Here's the screenshot of the exact problem: http://imgur.com/wlmQbIi
Here's the screenshot of the same website with Safari: http://imgur.com/FEwmmj9
And finally, my haproxy.cfg file:
global
log /dev/log local0
log /dev/log local1 notice
user haproxy
group haproxy
chroot /var/lib/haproxy
daemon
stats socket /run/haproxy/admin.sock level admin
maxconn 15000
spread-checks 5
tune.ssl.default-dh-param 2048
tune.ssl.maxrecord 1400
tune.idletimer 1000
ssl-default-bind-ciphers ECDHE-ECDSA-AES256-GCM-SHA384:ECDHE-RSA-AES256-GCM-SHA384:ECDHE-ECDSA-CHACHA20-POLY1305:ECDHE-RSA-CHACHA20-POLY1305:ECDHE-ECDSA-AES128-GCM-SHA256:ECDHE-RSA-AES128-GCM-SHA256:ECDHE-ECDSA-AES256-SHA384:ECDHE-RSA-AES256-SHA384:ECDHE-ECDSA-AES128-SHA256:ECDHE-RSA-AES128-SHA256
ssl-default-bind-options no-sslv3 no-tlsv10 no-tlsv11 no-tls-tickets
ssl-default-server-ciphers ECDHE-ECDSA-AES256-GCM-SHA384:ECDHE-RSA-AES256-GCM-SHA384:ECDHE-ECDSA-CHACHA20-POLY1305:ECDHE-RSA-CHACHA20-POLY1305:ECDHE-ECDSA-AES128-GCM-SHA256:ECDHE-RSA-AES128-GCM-SHA256:ECDHE-ECDSA-AES256-SHA384:ECDHE-RSA-AES256-SHA384:ECDHE-ECDSA-AES128-SHA256:ECDHE-RSA-AES128-SHA256
ssl-default-server-options no-sslv3 no-tlsv10 no-tlsv11 no-tls-tickets
defaults
log global
mode http
retries 3
balance roundrobin
hash-type map-based
option httplog
option dontlognull
option forwardfor
option http-server-close
option redispatch
option abortonclose
log-format %ci:%cp\ [%t]\ %ft\ %b/%s\ %Tq/%Tw/%Tc/%Tr/%Tt\ %ST\ %B\ %CC\ %CS\ %tsc\ %ac/%fc/%bc/%sc/%rc\ %sq/%bq\ %hr\ %hs\ %{+Q}r
timeout http-request 10s
timeout queue 1m
timeout connect 10s
timeout client 1m
timeout server 30s
timeout http-keep-alive 10s
timeout check 10s
errorfile 400 /etc/haproxy/errors/400.http
errorfile 403 /etc/haproxy/errors/403.http
errorfile 408 /etc/haproxy/errors/408.http
errorfile 500 /etc/haproxy/errors/500.http
errorfile 502 /etc/haproxy/errors/502.http
errorfile 503 /etc/haproxy/errors/503.http
errorfile 504 /etc/haproxy/errors/504.http
frontend http-frontend
bind *:80 accept-proxy
reqadd X-Forwarded-Proto:\ http
use_backend %[req.hdr(host),lower,map_sub(/etc/haproxy/backend.map,test-backend)]
frontend https-frontend
bind *:443 accept-proxy ssl crt /etc/ssl/pem/ecc alpn http/1.1
log-format %ci:%cp\ [%t]\ %ft\ %b/%s\ %Tq/%Tw/%Tc/%Tr/%Tt\ %ST\ %B\ %CC\ %CS\ %tsc\ %ac/%fc/%bc/%sc/%rc\ %sq/%bq\ %hr\ %hs\ %{+Q}r\ ssl_version:%sslv\ ssl_cipher:%sslc\ %[ssl_fc_sni]\ %[ssl_fc_npn]

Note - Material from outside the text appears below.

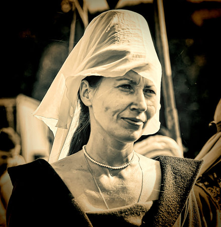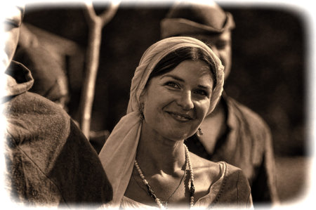 Russia, Vyborg, 30,07,2011 A woman in historical clothing at the Festival of the historical reconstruction of the Middle Ages Vyborg Castle

rspadd Strict-Transport-Security:\ max-age=31536000;\ includeSubdomains;\ preload
rspadd X-Frame-Options:\ DENY
reqadd X-Forwarded-Proto:\ https
use_backend %[req.hdr(host),lower,map_sub(/etc/haproxy/backend.map,test-backend)]
backend test-backend
balance leastconn
redirect scheme https code 301 if !{ ssl_fc }
server test-server 10.10.10.40:80 check
I know this post is not in the right seciton of StackExchange (sorry!) but I wanted to post a potential solution. I think the problem is the elliptic curves support in Chrome vs. Firefox vs. Safari. From the SSLLabs website:
Safari 9 / OS X 10.11: secp256r1, secp384r1, secp521r1
Firefox 44 / OS X: secp256r1, secp384r1, secp521r1
Chrome 48 / OS X: secp256r1, secp384r1
The problem is the private key for the ECC certificate I was testing was generated with secp521r1 (http://imgur.com/dbrJQuW), which the latest version of Chrome on OS X 10.11 doesn't support.
See this issue: https://security.stackexchange.com/questions/100991/why-is-secp521r1-no-longer-supported-in-chrome-others
It seems that only the following two cipher suite are supported by your web server:
TLS_ECDHE_ECDSA_WITH_AES_256_CBC_SHA
TLS_ECDHE_ECDSA_WITH_AES_128_CBC_SHA
I suppose that missing some cipher suite (at least TLS_RSA_WITH_AES_128_CBC_SHA) is the reason of your problem.
The cipher suite TLS_RSA_WITH_AES_128_CBC_SHA must be supported in TLS 1.2 (see the section 9 Mandatory Cipher Suites or RFC5246). In the same way I would you recommend to see forward and to include protocols
TLS_ECDHE_ECDSA_WITH_AES_128_GCM_SHA256
TLS_ECDHE_RSA_WITH_AES_128_GCM_SHA256
and the suites
TLS_ECDHE_ECDSA_WITH_AES_256_GCM_SHA384
TLS_ECDHE_ECDSA_WITH_CHACHA20_POLY1305_SHA256
TLS_ECDHE_RSA_WITH_AES_256_GCM_SHA384
TLS_ECDHE_RSA_WITH_CHACHA20_POLY1305_SHA256
are strictly recommended too. See TLS 1.3 specification. You use Nginx web server, which should support TLS_ECDHE_ECDSA_WITH_CHACHA20_POLY1305_SHA256 and TLS_ECDHE_RSA_WITH_CHACHA20_POLY1305_SHA256, which are very good because of combination the security and the performance. I'd recommend you to include all the Cipher Suites.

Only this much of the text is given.